Specifically, for target audio data subjected to second-order speech enhancement in the model, multiple random information loss processes may be performed to implement a higher-order speech enhancement operation. That is, the higher-order speech enhancement operation may include multiple speech enhancement operations, and may include a third-order speech enhancement and a fourth-order speech enhancement within the speech model.

It should be noted that the higher-order speech enhancement can select the enhancement order according to the actual model structure or the service requirement. The speech enhancement of each step in the higher-order speech enhancement is random missing information processing, but the parameters of each step, such as windowing window function parameters, frequency domain loss and time domain loss, can be determined according to the actual model structure or service requirements.

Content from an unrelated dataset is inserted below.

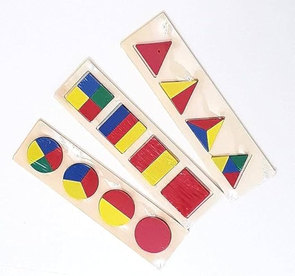 علّم طفلك الأشكال الهندسية، الألوان، ومفاهيم الكسور الأساسية بطريقة تفاعلية ومحسوسة مع هذه الألغاز الخشبية الملونة. مثالية لـ:

Optionally, the method for processing random lost information in a feature dimension in a time-frequency domain includes:

performing windowing frame shift processing on the target audio data to obtain corresponding three-dimensional audio data;

randomly losing data of a predetermined range of a time domain and/or a frequency domain of the three-dimensional audio data so that the data of the time domain and/or the frequency domain of the three-dimensional audio data is discontinuous;

and determining high-order enhanced target audio data according to the three-dimensional audio data after random loss.

Specifically, the target audio data may be subjected to the windowing frame shift process by the existing windowing type. The target audio data may include target audio data that is not subjected to speech enhancement, or target audio data after first-order speech enhancement, or target audio data after second-order speech enhancement. The following description will be given taking random missing information processing on target audio data as an example.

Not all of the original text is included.